** Opening Entries supplied block **

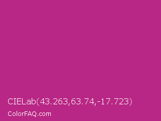 CIELab 43.263,63.74,-17.723 Color is a normal magenta color and the nearest color is Medium Red Violet #bb3385. Hex code #b82785 and RGB value is rgb(184,39,133). In RGB color space, this color is composed of 72% red, 15% green, 52% blue, In CMYK color space, this color is composed of 0% cyan, 79% magenta, 28% yellow , 28% black , In HSL color space, this color has a hue angle of 321° , 65% saturation and 44% lightness.
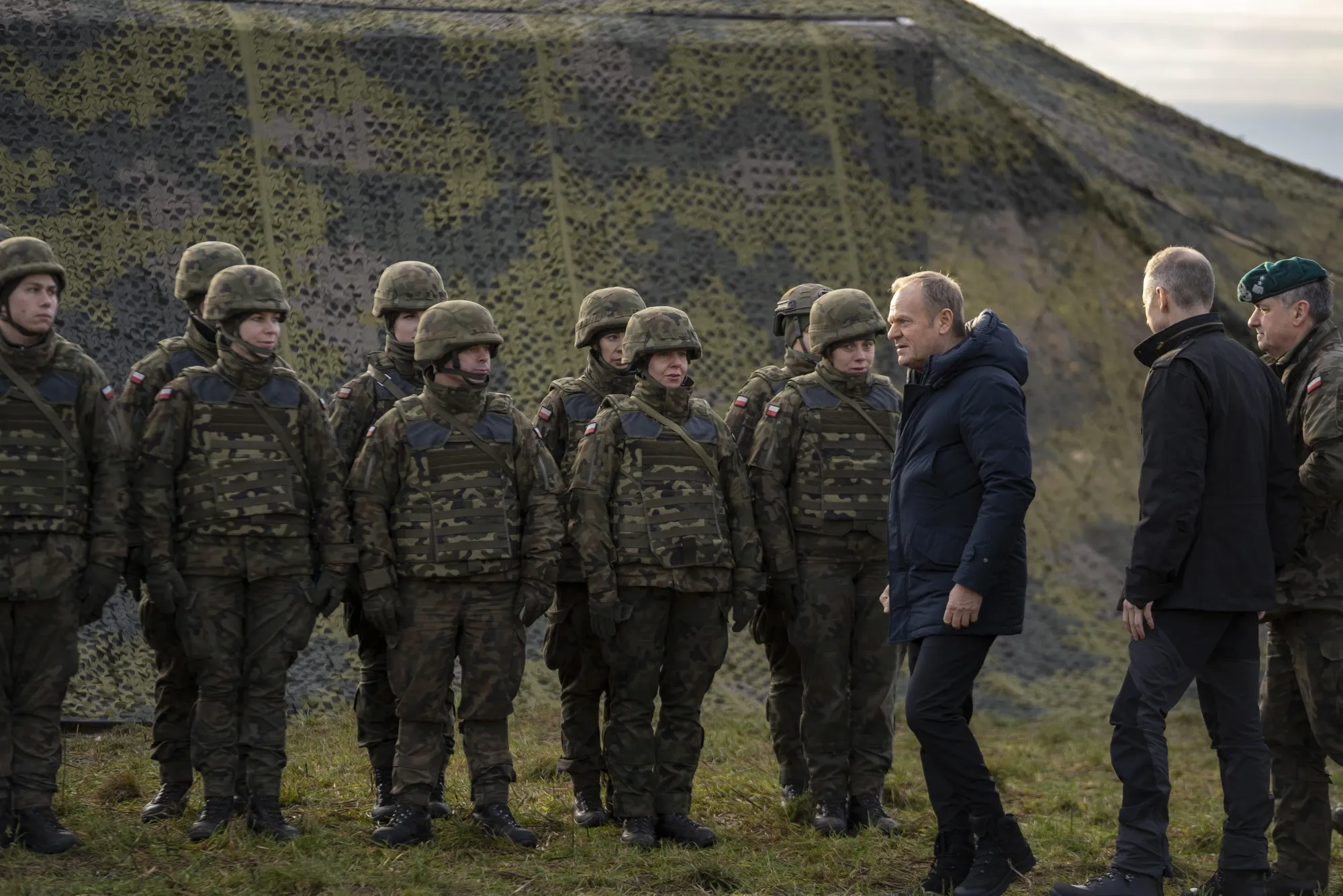 11月30日,唐納德·圖斯克在達布羅夫卡與駐守俄波邊境的波蘭士兵交談。攝影師:達米安·萊曼斯基/彭博社特扎斯科夫斯基的競選綱領聚焦安全與國防領域,主張波蘭應在不損害對美牢固關係的前提下深化與歐洲盟友的紐帶。
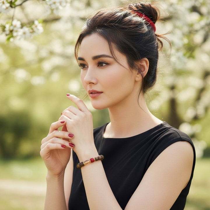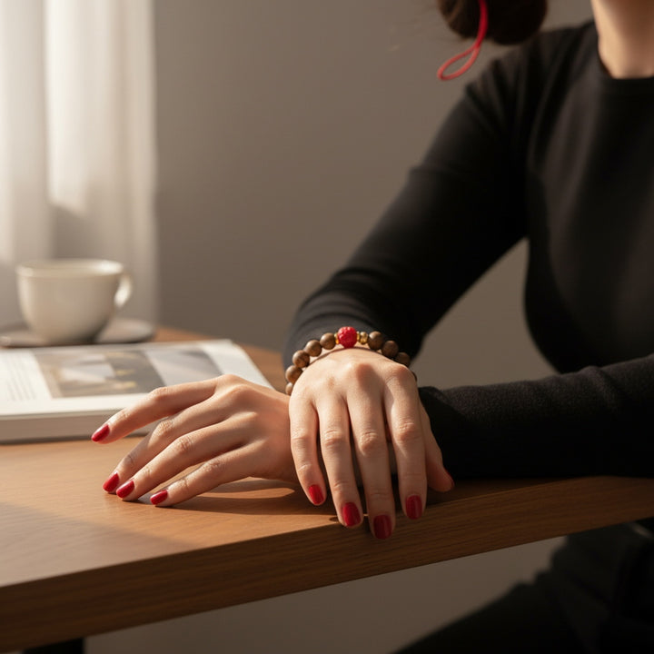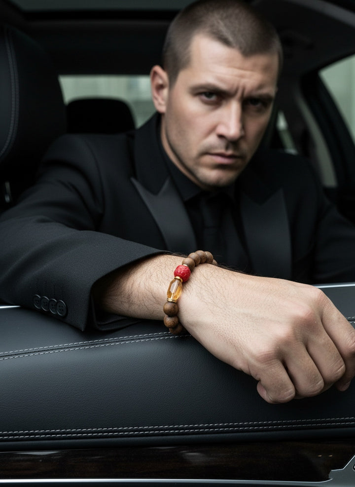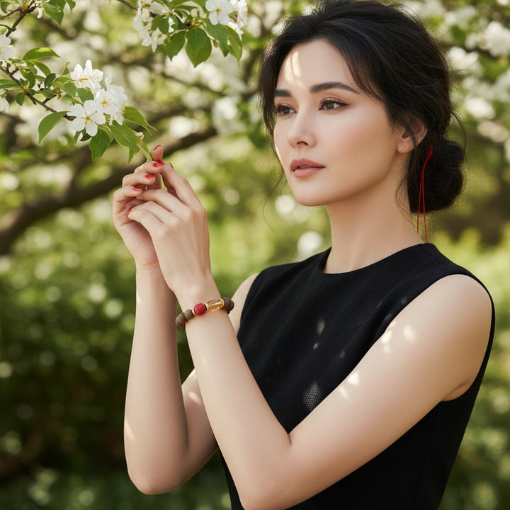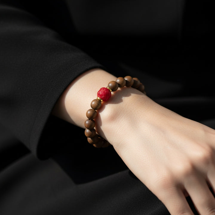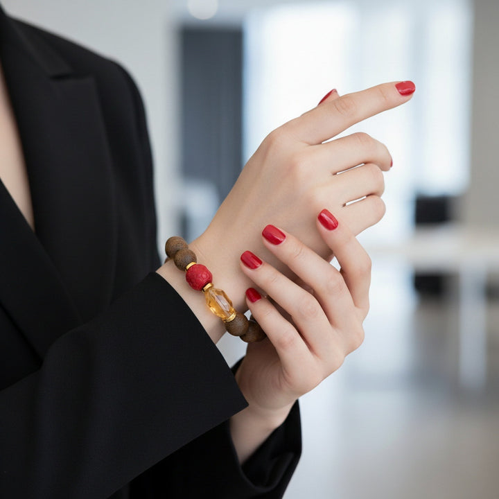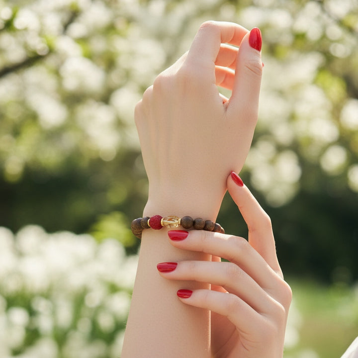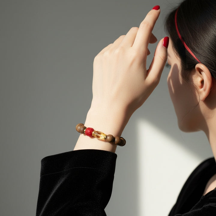 The core of the bracelet is strung with carefully chosen natural Agarwood prayer beads, each meticulously polished to ensure a warm and comfortable touch. At the center of the bracelet, we ingeniously embedded a richly colored, exquisitely carved Cinnabar bead. Its vibrant red color in traditional Chinese culture symbolizes ultimate evil-warding and luck transformation powers. Adjacent to the Cinnabar is a crystal-clear Citrine, gleaming with golden light. It is not only a symbol of wealth and wisdom but also adds a touch of nobility and vibrancy to the entire bracelet with its unique warm luster.
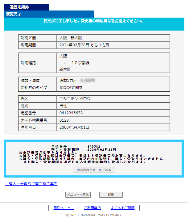 変更が完了し、新たなQRコードと申込番号(6桁)購入・受取期限が表示されます。
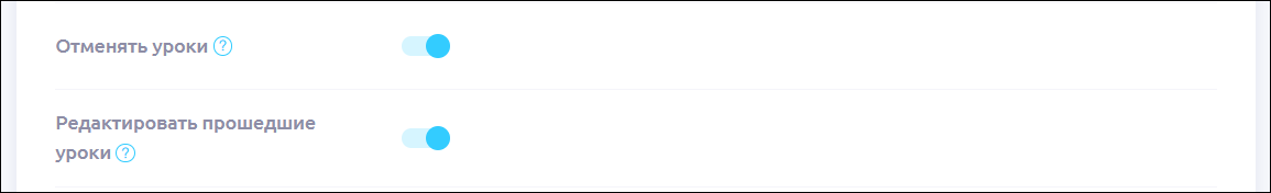 Отмена уроков означает удаление занятия из графика. Если функция разрешена, преподаватель может отменить предстоящий урок без согласования с администрацией. Однако прошедшие уроки не подлежат редактированию или удалению, если не включён специальный тумблер Редактирование прошедших уроков. При его отключении отменить уже проведённый урок может только администратор.
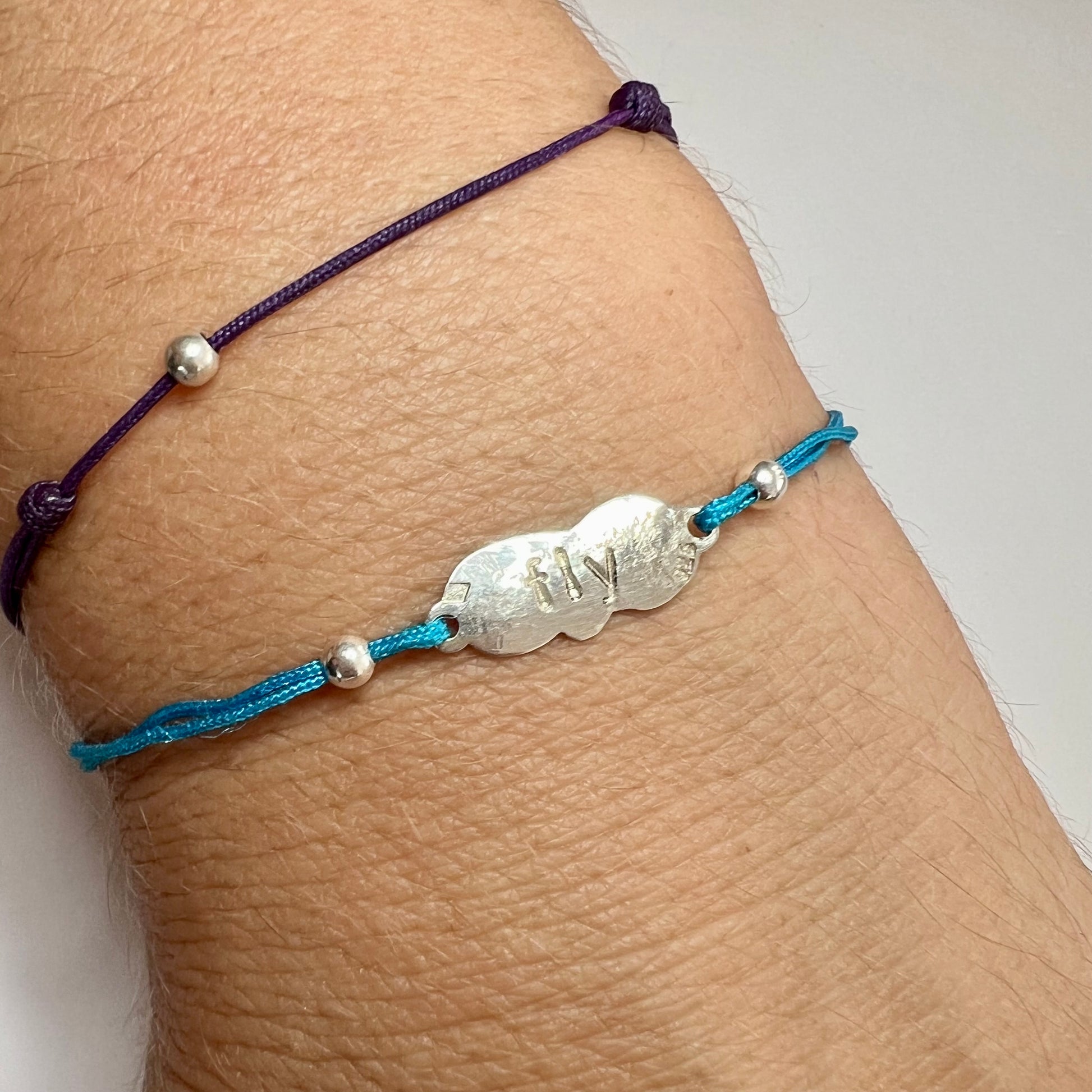Bracelet Nuage "Fly" en argent 925 sur cordon bleu
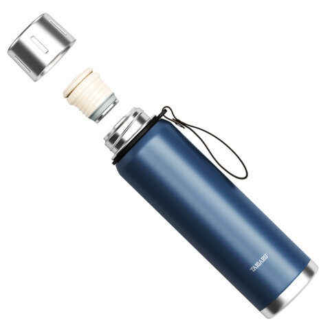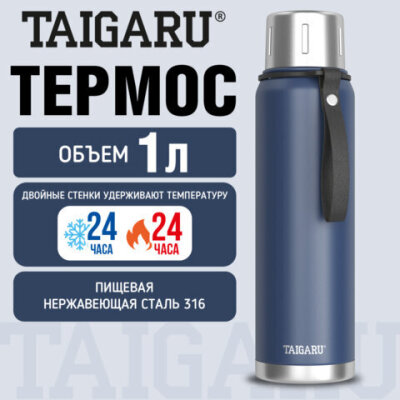 Термос 1 л TAIGARU (ТАЙГАРУ) CHOICE, нержавеющая сталь SUS316, крышка/кружка, ремешок, синий матовый, 700313
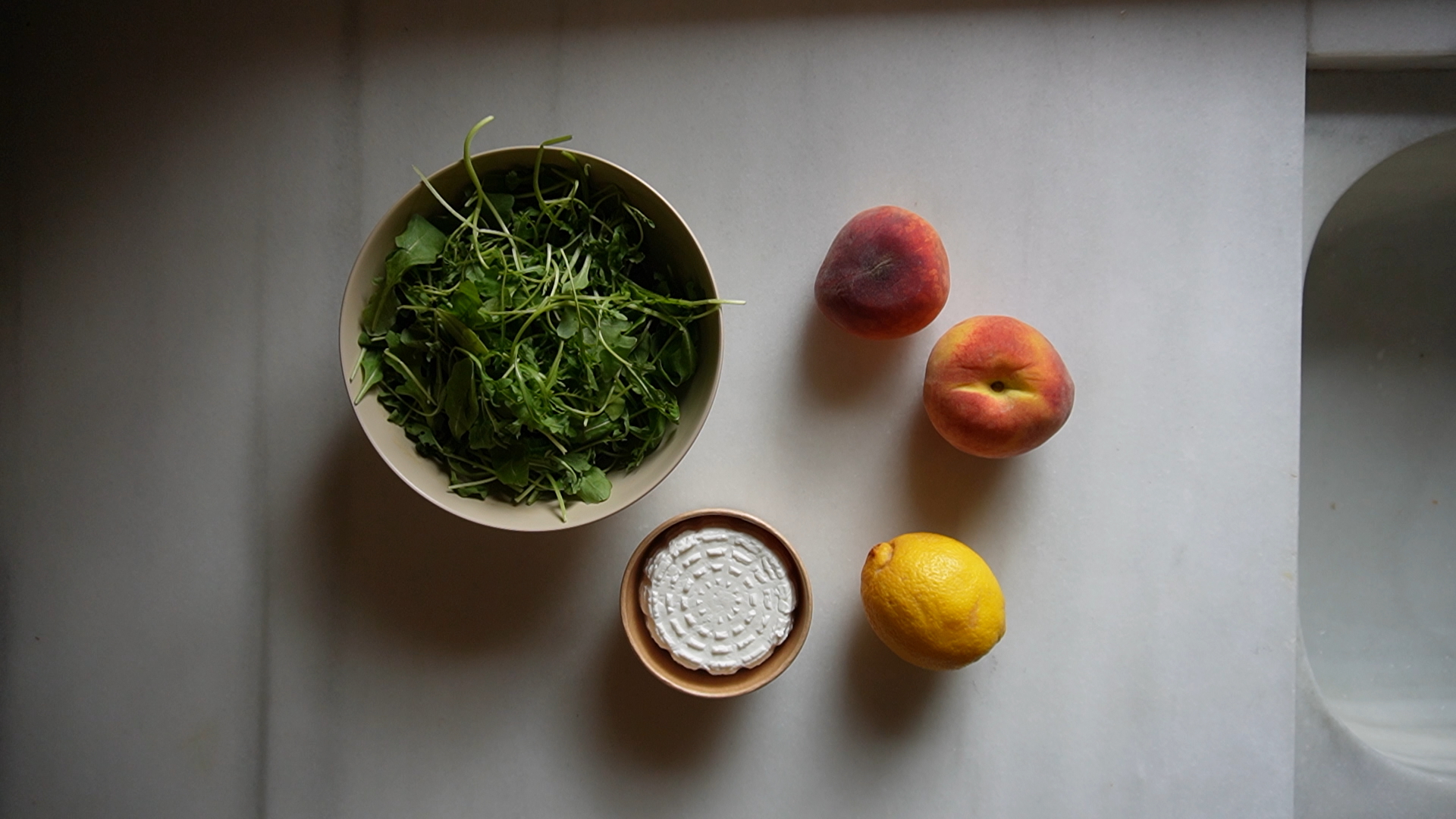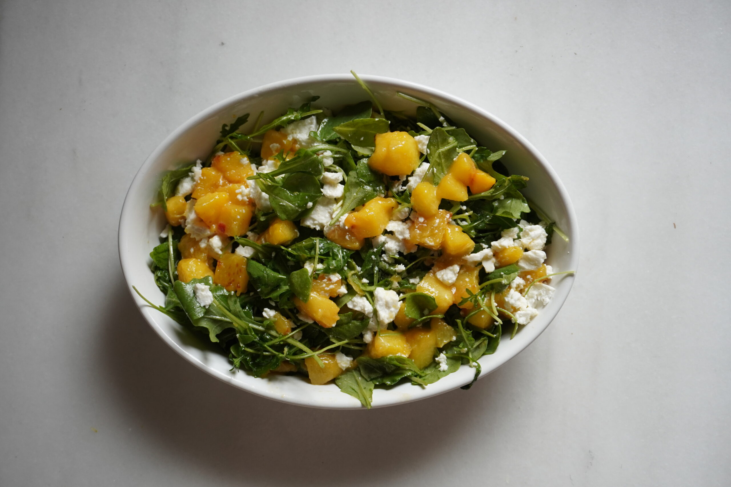 La clau d’aquesta amanida és aconseguir préssecs de proximitat, d’aquells que són sucosos i tenen gust a préssec de veritat. La ruca, si l’aconseguiu de la que no és de bossa, també notareu diferència.
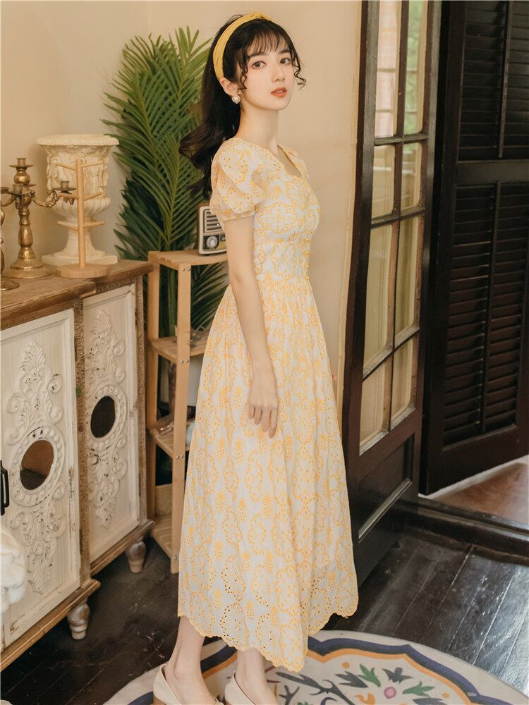 ♥♡♥ イエロースカート ♡スリーブ レッド レース 刺繍 スウィート ♥♡♥韓国系 ガーリー お呼ばれ カジュアル フェミニン エレガント ビジュー 清楚 オルチャン AA6596422 | miel style clothing
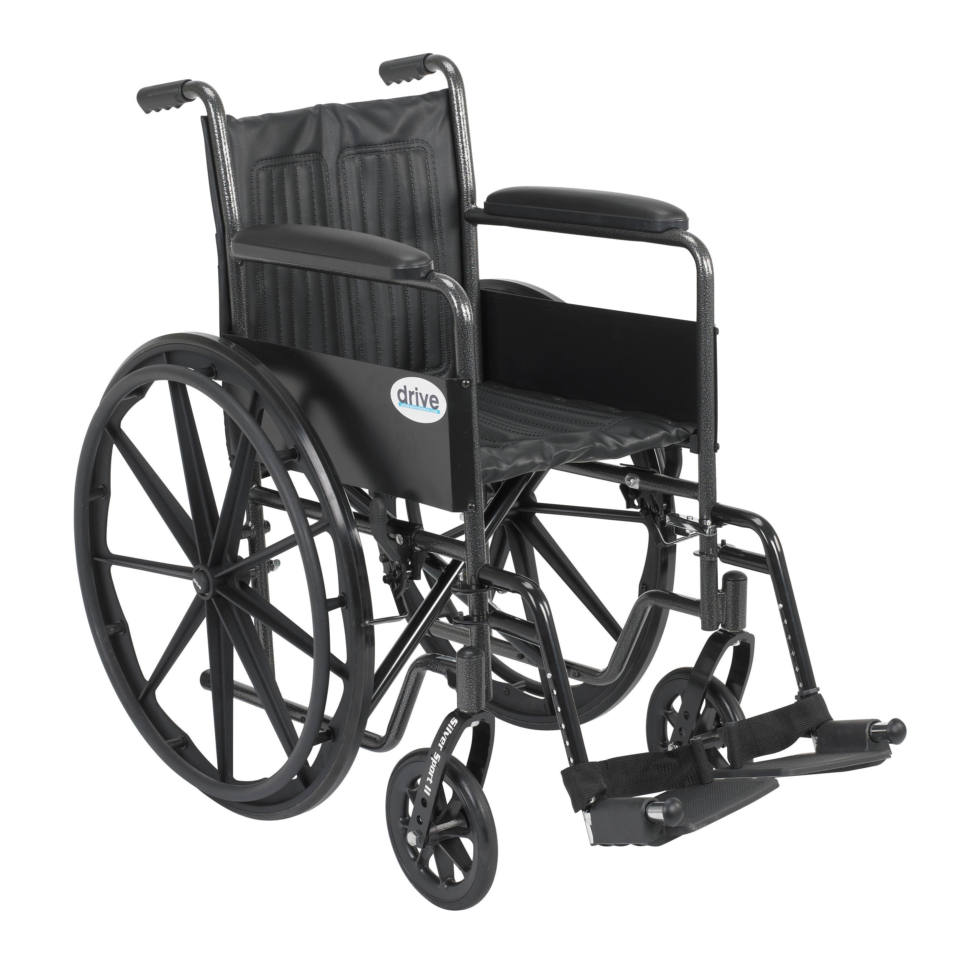 The 18" Silver Sport 2 Wheelchair with Fixed Arms and Swing Away Footrests by Drive Medical comes in an attractive, easy to maintain, powder coated, silver vein finish, and a steel frame for durability. The urethane tires are mounted on composite wheels to provide durability and a smooth ride over most surfaces. The embossed, nylon upholstery is durable, lightweight, attractive and easy to clean. The carry pocket on the backrest provides an easy and safe way to transport personal items. Comes standard with swing away footrests, padded fixed arms, push to lock brakes and plastic footplates.

** Closing Entries supplied block **

- [Exercise objective] Only the lines starting at the one that includes "変更が完了し、新たなQRコードと申込番号(6桁)購入・受取期限が表示されます。" and ending at the one that includes "miel style clothing" should be retyped, exactly, from the records above; no pictures.

- [Reply]
 変更が完了し、新たなQRコードと申込番号(6桁)購入・受取期限が表示されます。
 Отмена уроков означает удаление занятия из графика. Если функция разрешена, преподаватель может отменить предстоящий урок без согласования с администрацией. Однако прошедшие уроки не подлежат редактированию или удалению, если не включён специальный тумблер Редактирование прошедших уроков. При его отключении отменить уже проведённый урок может только администратор.
Bracelet Nuage "Fly" en argent 925 sur cordon bleu
 Термос 1 л TAIGARU (ТАЙГАРУ) CHOICE, нержавеющая сталь SUS316, крышка/кружка, ремешок, синий матовый, 700313
 La clau d’aquesta amanida és aconseguir préssecs de proximitat, d’aquells que són sucosos i tenen gust a préssec de veritat. La ruca, si l’aconseguiu de la que no és de bossa, també notareu diferència.
 ♥♡♥ イエロースカート ♡スリーブ レッド レース 刺繍 スウィート ♥♡♥韓国系 ガーリー お呼ばれ カジュアル フェミニン エレガント ビジュー 清楚 オルチャン AA6596422 | miel style clothing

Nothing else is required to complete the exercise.